> [Data]:
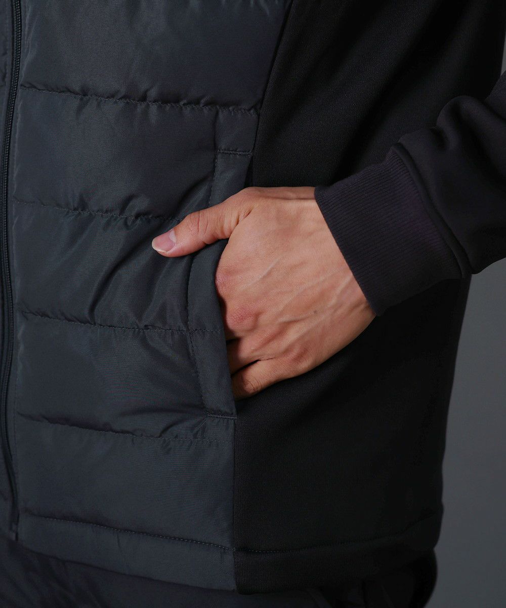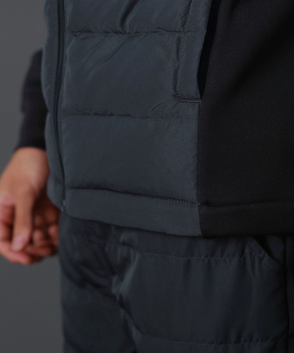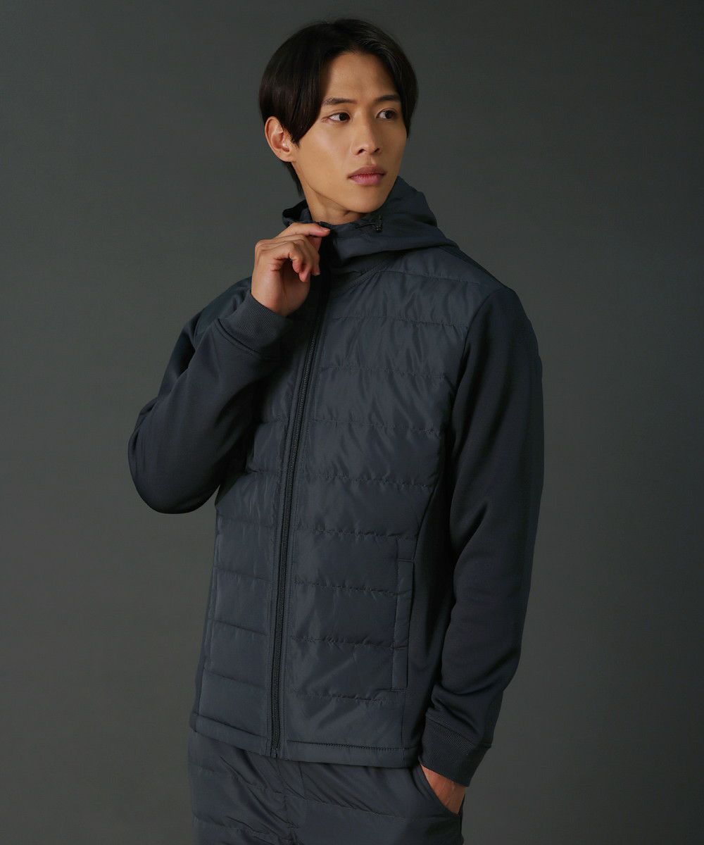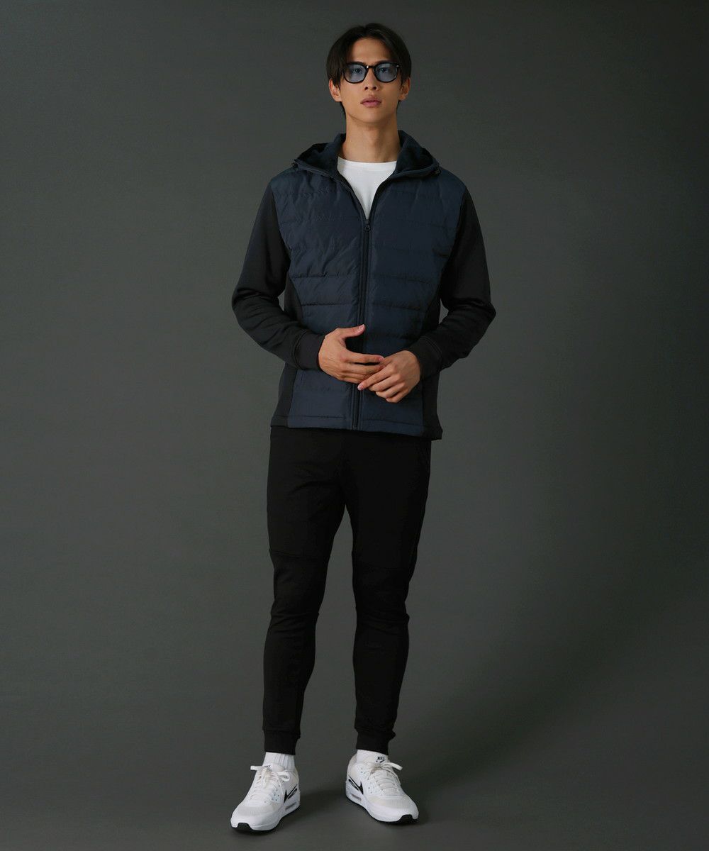 サイドに切り替えデザインを入れ、前身頃だけにダウンフェザーを入れることですっきりとした細身のシルエットを完成させています。袖と後ろ身頃にはストレッチ性の高いジャージー生地を採用。背中・肩・肘と抜群の伸縮性を発揮するのでゴルフでの着用にもおすすめです。上からさらにアウターを重ねれば、インナーダウンとしても活躍します。前身頃以外はフィット感の高いスマートなつくりで、アウターを羽織るときのごわつきも抑えられる設計に。アウターとしてもインナーとしても重宝する、着回しやすいデザインです。
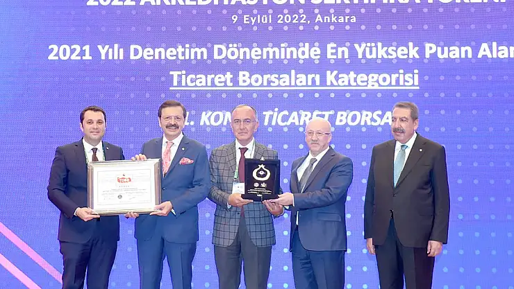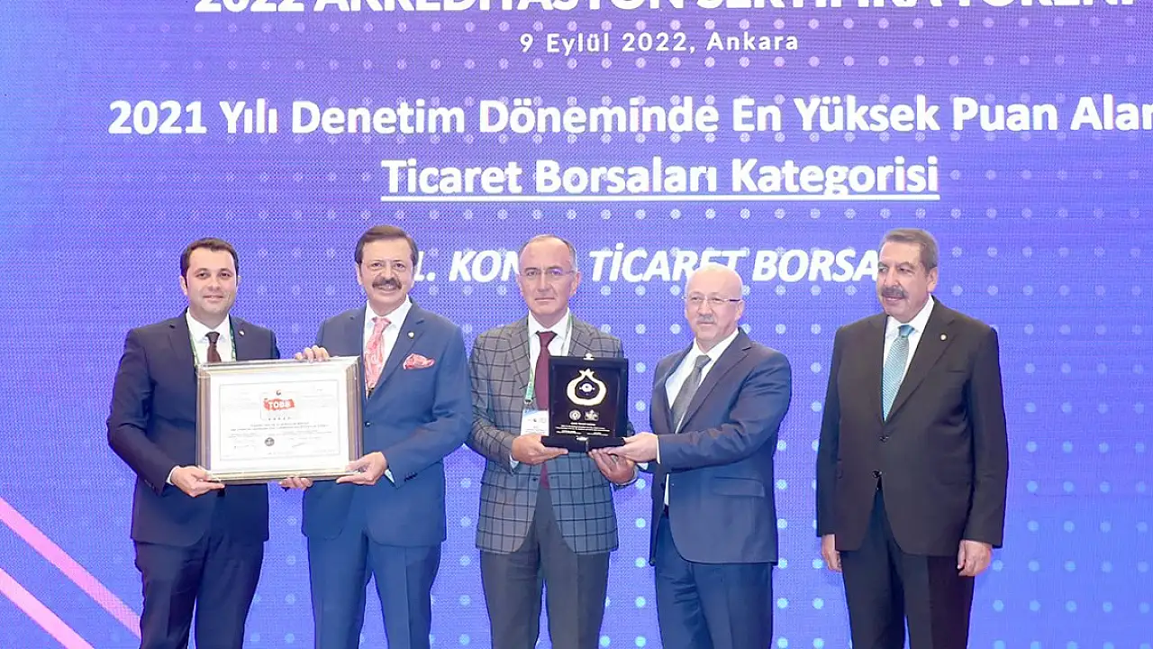 Akreditasyon eğitimlerini tamamlayan ve akreditasyonlarını yenileyen oda ve borsalar sertifika ve plaketlerini Türkiye Odalar ve Borsalar Birliği (TOBB) Konferans Salonu’nda gerçekleşen törenle, TOBB Başkanı M. Rifat Hisarcıklıoğlu ve Ticaret Bakan Yardımcısı Sezai Uçarmak’ın elinden aldı. TOBB Başkanı M. Rifat Hisarcıklıoğlu, söz konusu sertifikanın oda ve borsaların verdiği hizmetin bir belgesi olduğunu söyledi. Törende borsalar arasında en yüksek puanı alarak “A-Seviye” hizmet kalitesinde birinci olan Konya Ticaret Borsası’nın yenilen akreditasyon sertifikası Ticaret Bakan Yardımcısı Sezai Uçarmak ve TOBB Başkanı Rifat Hisarcıklıoğlu tarafından, Yönetim Kurulu Başkan Yardımcısı Mehmet Büyükalim ile Genel Sekreter Esat Bilici’ye verildi. “Bu başarı hizmet kalitemizin göstergesidir” diyen Konya Ticaret Borsası Yönetim Kurulu Başkanı Hüseyin Çevik, “Borsamız, kurulduğu 1907 yılından itibaren vizyoner yönetim kültürü ve uzman personeliyle hizmet standardını sürekli arttırmaktadır. Bugün verilen bu ödül de bunun bir kez daha tescillendiğini göstermiştir. Bu başarı tüm üyelerimize ve borsa personelimize aittir. Biz bunun geliştirilerek sürdürülebilir olması için çalışmalarımıza devam edeceğiz. Bir asrı aşan kurum kültürümüzle etkin Borsa olmayı sürdüreceğiz” dedi.
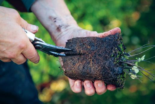 6 – Plant E ra! Klipp gärna 3–4 jack i rotsystemet i jordklumpen, särskilt om det ser ut som om rötterna har snurrat runt i krukan, innan du sätter ner den i jorden.
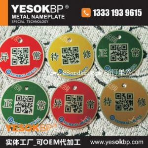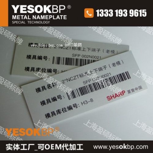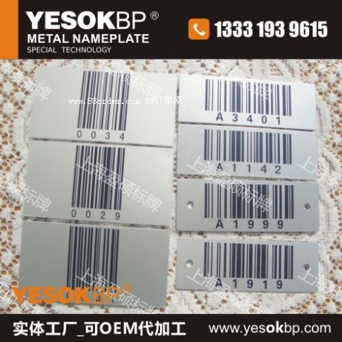 上海盈碩標(biāo)牌制造有限公司致力于金屬條形碼、不銹鋼條形碼、鋁氧化滲透標(biāo)牌,機(jī)械銘牌高端產(chǎn)品,服務(wù)于工業(yè)裝備、船舶工業(yè)、電廠,穩(wěn)定的化學(xué)性能符合出口標(biāo)準(zhǔn),滿足惡劣的工業(yè)環(huán)境需求。
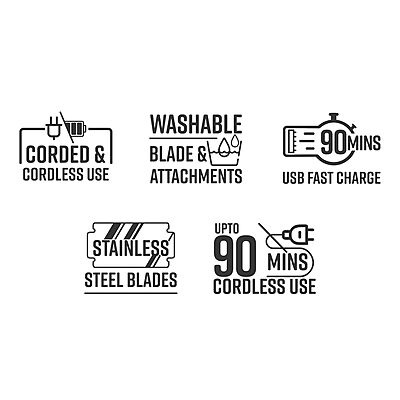 • Runtime: 90 Minutes • Charging: 90-Min Type-C Rapid Charge • Usage: Works Corded & Cordless • Blades: Stainless Steel, Skin-Friendly • Combs: 4 Guide Combs for Precision Trimming • Indicator: LED Charging Indicator • Blade Maintenance: Washable Blade for Easy Cleaning
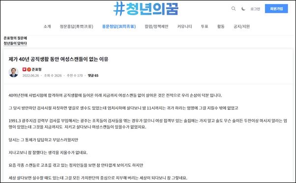 홍준표 대구 시장 당선인이 자신의 온라인 정치 플랫폼인 '청년의꿈' 홍문청답(洪問靑答) 게시판에 '제가 40년 공직생활 동안 여성스캔들이 없는 이유'라는 글로 이준석 대표에 대해 언급을 했습니다.
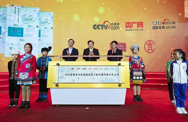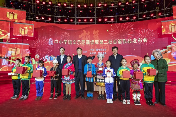 2018年12月23日下午,中央廣播電視總臺、教育部、國家語委聯合舉辦“中小學語文示范誦讀庫”第二季作品發布會。中宣部副部長、中央廣播電視總臺臺長慎海雄,教育部副部長、國家語委主任杜占元,中央廣播電視總臺副臺長閻曉明出席發布會,并共同見證第二批100篇音頻教材正式上線發布。新華社記者沈伯韓 攝
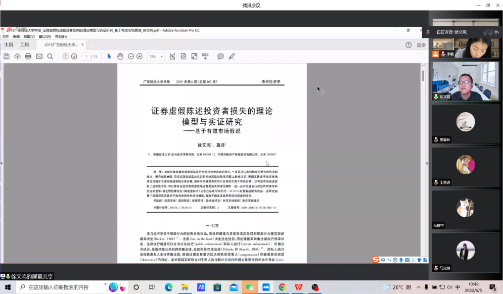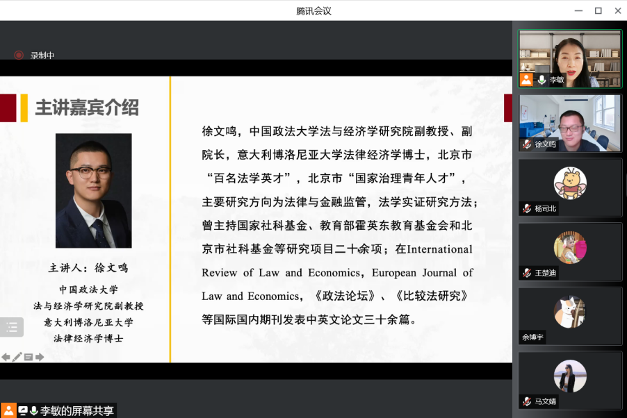 2022年6月5日,FUN88乐天使“法学研究与论文写作Ⅱ”研究生课程专家讲座第2期顺利举办。讲座邀请中国政法大学法与经济学研究院副经理徐文鸣副教授为主讲嘉宾,公司教师李敏博士与王湘淳博士联合主持,140余名研究生参加。
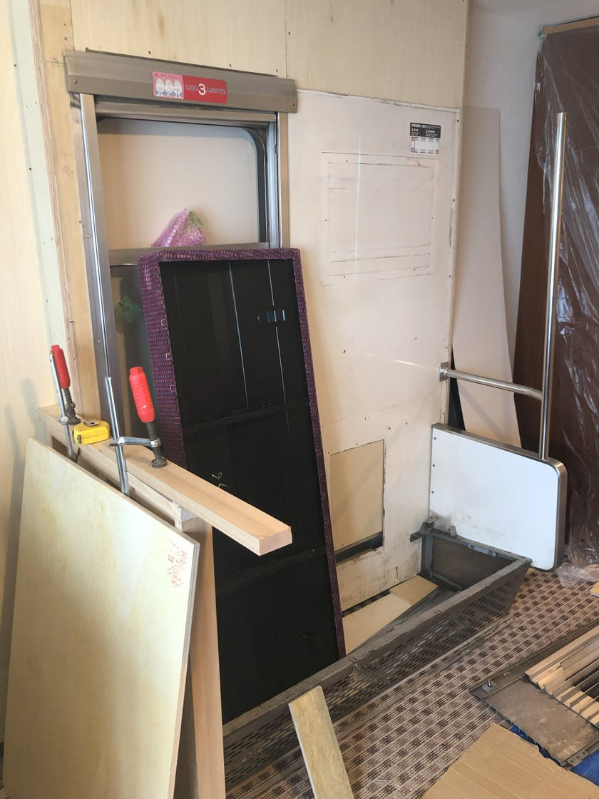 手前側は車掌台のスペースですが、壁を作ると圧迫感がすごいので、ここは見た目を優先しています。
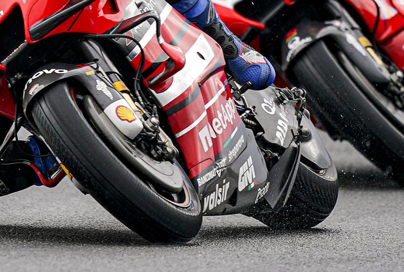 Cependant, Andrea Dovizioso semble déclarer s’être trompé de choix de pneus : « A la fin, nous avons peut-être payé pour un mauvais choix de pneus. J’ai roulé avec des pneus tendres à l’avant et à l’arrière, et dans les derniers tours, je ne pouvais pas faire tourner la moto correctement. A la fin, je n’avais plus aucune adhérence. J’étais à la limite avec le pneu avant et j’ai failli tomber dix fois. Dans ces conditions, il est toujours difficile de faire le bon choix de pneus, car on ne sait jamais si la piste restera complètement mouillée ou si elle commencera à sécher à la fin. Mais il est toujours facile d’en parler après. »
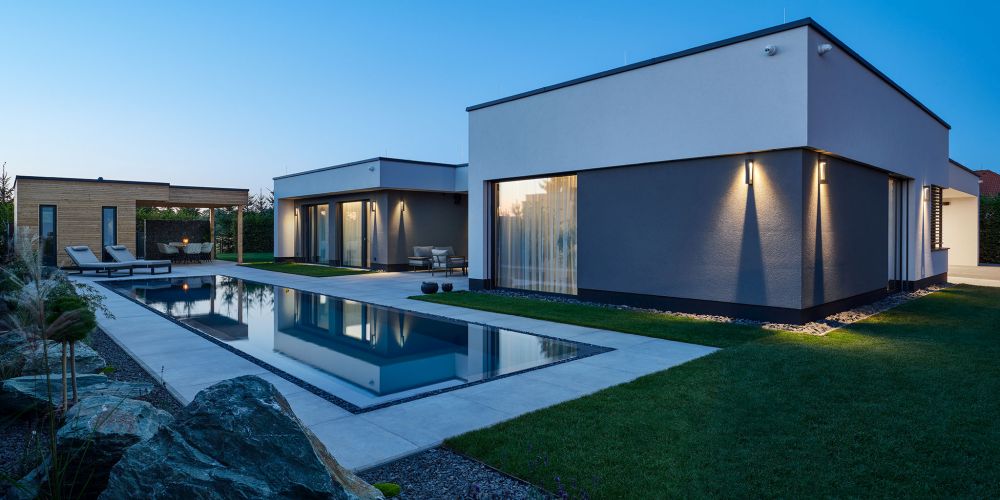Naše původní představa byla dost odlišná od architektem navržené a jsem rád, že nás přesvědčil o některých změnách. Hodně oceňujeme výšku stropu tři metry v hlavním obytném prostoru. Celkově místnost působí o dost vzdušnějším dojmem. Prostor podle mého také pozvedá velký mechový obraz 2,5 × 1,5 metru, který jsem chtěl od začátku. Skvělou věcí jsou velké prosklené plochy z chodby a obýváku směrem k bazénu. Jako výrobce bazénů jsem považoval za důležité, aby byl perfektně viditelný pro všechny příchozí. V létě se návštěvy většinou odehrávají rovnou na obrovské terase u bazénu nebo v altánu u zahradního domku.
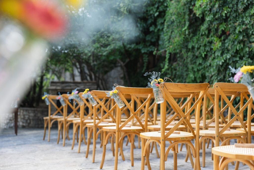 - Wooden crossback chairs x42 for ceremony and round tables and white table linen for your reception
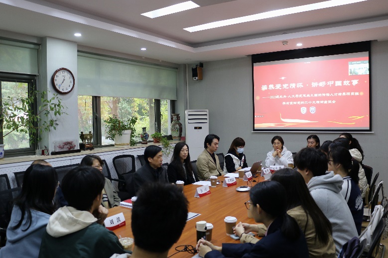 为学习贯彻党的二十大精神,10月30日,三亿体育召开“涵养爱党情怀·讲好中国故事——推动中国化马克思主义国际传播”主题座谈会。英语公司党总支书记王明欣,经理张剑,副经理张莲,英语系副主任张小东,教师代表刘波,教务秘书王红婴、陈照,辅导员杨玲以及2022级北外-人大21世纪马克思主义国际传播人才培养项目班全体同学参会,座谈会由党总支书记王明欣主持。
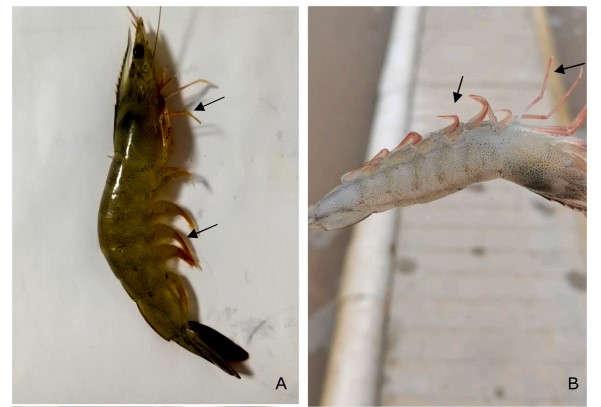 Hình 1. Dấu hiệu gộp của tôm bị ảnh hưởng mắc bệnh đỏ chân: A. Tôm bị ảnh hưởng tự nhiên trong vùng bùng phát dịch bệnh; B. Tôm thử nghiệm gặp khó khăn với SHF1 cô lập. Mũi tên cho thấy periepads và pleopods đỏ; C. Tôm khỏe mạnh. Mũi tên cho thấy periepads và pleopods bình thường.
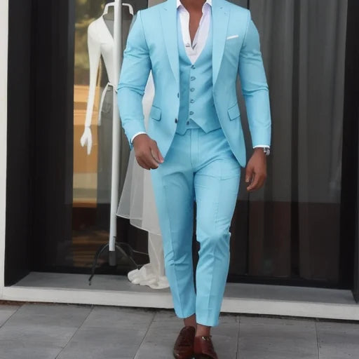 Enhance your formal wardrobe with this eye-catching light blue three-piece suit, perfect for weddings and special events.

> [Assignment]:
Nothing in the entries above should change when they are printed again, except that the pictures are dropped.

> [Worked solution]:
 サイドに切り替えデザインを入れ、前身頃だけにダウンフェザーを入れることですっきりとした細身のシルエットを完成させています。袖と後ろ身頃にはストレッチ性の高いジャージー生地を採用。背中・肩・肘と抜群の伸縮性を発揮するのでゴルフでの着用にもおすすめです。上からさらにアウターを重ねれば、インナーダウンとしても活躍します。前身頃以外はフィット感の高いスマートなつくりで、アウターを羽織るときのごわつきも抑えられる設計に。アウターとしてもインナーとしても重宝する、着回しやすいデザインです。
 Akreditasyon eğitimlerini tamamlayan ve akreditasyonlarını yenileyen oda ve borsalar sertifika ve plaketlerini Türkiye Odalar ve Borsalar Birliği (TOBB) Konferans Salonu’nda gerçekleşen törenle, TOBB Başkanı M. Rifat Hisarcıklıoğlu ve Ticaret Bakan Yardımcısı Sezai Uçarmak’ın elinden aldı. TOBB Başkanı M. Rifat Hisarcıklıoğlu, söz konusu sertifikanın oda ve borsaların verdiği hizmetin bir belgesi olduğunu söyledi. Törende borsalar arasında en yüksek puanı alarak “A-Seviye” hizmet kalitesinde birinci olan Konya Ticaret Borsası’nın yenilen akreditasyon sertifikası Ticaret Bakan Yardımcısı Sezai Uçarmak ve TOBB Başkanı Rifat Hisarcıklıoğlu tarafından, Yönetim Kurulu Başkan Yardımcısı Mehmet Büyükalim ile Genel Sekreter Esat Bilici’ye verildi. “Bu başarı hizmet kalitemizin göstergesidir” diyen Konya Ticaret Borsası Yönetim Kurulu Başkanı Hüseyin Çevik, “Borsamız, kurulduğu 1907 yılından itibaren vizyoner yönetim kültürü ve uzman personeliyle hizmet standardını sürekli arttırmaktadır. Bugün verilen bu ödül de bunun bir kez daha tescillendiğini göstermiştir. Bu başarı tüm üyelerimize ve borsa personelimize aittir. Biz bunun geliştirilerek sürdürülebilir olması için çalışmalarımıza devam edeceğiz. Bir asrı aşan kurum kültürümüzle etkin Borsa olmayı sürdüreceğiz” dedi.
 6 – Plant E ra! Klipp gärna 3–4 jack i rotsystemet i jordklumpen, särskilt om det ser ut som om rötterna har snurrat runt i krukan, innan du sätter ner den i jorden.
 上海盈碩標(biāo)牌制造有限公司致力于金屬條形碼、不銹鋼條形碼、鋁氧化滲透標(biāo)牌,機(jī)械銘牌高端產(chǎn)品,服務(wù)于工業(yè)裝備、船舶工業(yè)、電廠,穩(wěn)定的化學(xué)性能符合出口標(biāo)準(zhǔn),滿足惡劣的工業(yè)環(huán)境需求。
 • Runtime: 90 Minutes • Charging: 90-Min Type-C Rapid Charge • Usage: Works Corded & Cordless • Blades: Stainless Steel, Skin-Friendly • Combs: 4 Guide Combs for Precision Trimming • Indicator: LED Charging Indicator • Blade Maintenance: Washable Blade for Easy Cleaning
 홍준표 대구 시장 당선인이 자신의 온라인 정치 플랫폼인 '청년의꿈' 홍문청답(洪問靑答) 게시판에 '제가 40년 공직생활 동안 여성스캔들이 없는 이유'라는 글로 이준석 대표에 대해 언급을 했습니다.
 2018年12月23日下午,中央廣播電視總臺、教育部、國家語委聯合舉辦“中小學語文示范誦讀庫”第二季作品發布會。中宣部副部長、中央廣播電視總臺臺長慎海雄,教育部副部長、國家語委主任杜占元,中央廣播電視總臺副臺長閻曉明出席發布會,并共同見證第二批100篇音頻教材正式上線發布。新華社記者沈伯韓 攝
 2022年6月5日,FUN88乐天使“法学研究与论文写作Ⅱ”研究生课程专家讲座第2期顺利举办。讲座邀请中国政法大学法与经济学研究院副经理徐文鸣副教授为主讲嘉宾,公司教师李敏博士与王湘淳博士联合主持,140余名研究生参加。
 手前側は車掌台のスペースですが、壁を作ると圧迫感がすごいので、ここは見た目を優先しています。
 Cependant, Andrea Dovizioso semble déclarer s’être trompé de choix de pneus : « A la fin, nous avons peut-être payé pour un mauvais choix de pneus. J’ai roulé avec des pneus tendres à l’avant et à l’arrière, et dans les derniers tours, je ne pouvais pas faire tourner la moto correctement. A la fin, je n’avais plus aucune adhérence. J’étais à la limite avec le pneu avant et j’ai failli tomber dix fois. Dans ces conditions, il est toujours difficile de faire le bon choix de pneus, car on ne sait jamais si la piste restera complètement mouillée ou si elle commencera à sécher à la fin. Mais il est toujours facile d’en parler après. »
Naše původní představa byla dost odlišná od architektem navržené a jsem rád, že nás přesvědčil o některých změnách. Hodně oceňujeme výšku stropu tři metry v hlavním obytném prostoru. Celkově místnost působí o dost vzdušnějším dojmem. Prostor podle mého také pozvedá velký mechový obraz 2,5 × 1,5 metru, který jsem chtěl od začátku. Skvělou věcí jsou velké prosklené plochy z chodby a obýváku směrem k bazénu. Jako výrobce bazénů jsem považoval za důležité, aby byl perfektně viditelný pro všechny příchozí. V létě se návštěvy většinou odehrávají rovnou na obrovské terase u bazénu nebo v altánu u zahradního domku.
 - Wooden crossback chairs x42 for ceremony and round tables and white table linen for your reception
 为学习贯彻党的二十大精神,10月30日,三亿体育召开“涵养爱党情怀·讲好中国故事——推动中国化马克思主义国际传播”主题座谈会。英语公司党总支书记王明欣,经理张剑,副经理张莲,英语系副主任张小东,教师代表刘波,教务秘书王红婴、陈照,辅导员杨玲以及2022级北外-人大21世纪马克思主义国际传播人才培养项目班全体同学参会,座谈会由党总支书记王明欣主持。
 Hình 1. Dấu hiệu gộp của tôm bị ảnh hưởng mắc bệnh đỏ chân: A. Tôm bị ảnh hưởng tự nhiên trong vùng bùng phát dịch bệnh; B. Tôm thử nghiệm gặp khó khăn với SHF1 cô lập. Mũi tên cho thấy periepads và pleopods đỏ; C. Tôm khỏe mạnh. Mũi tên cho thấy periepads và pleopods bình thường.
 Enhance your formal wardrobe with this eye-catching light blue three-piece suit, perfect for weddings and special events.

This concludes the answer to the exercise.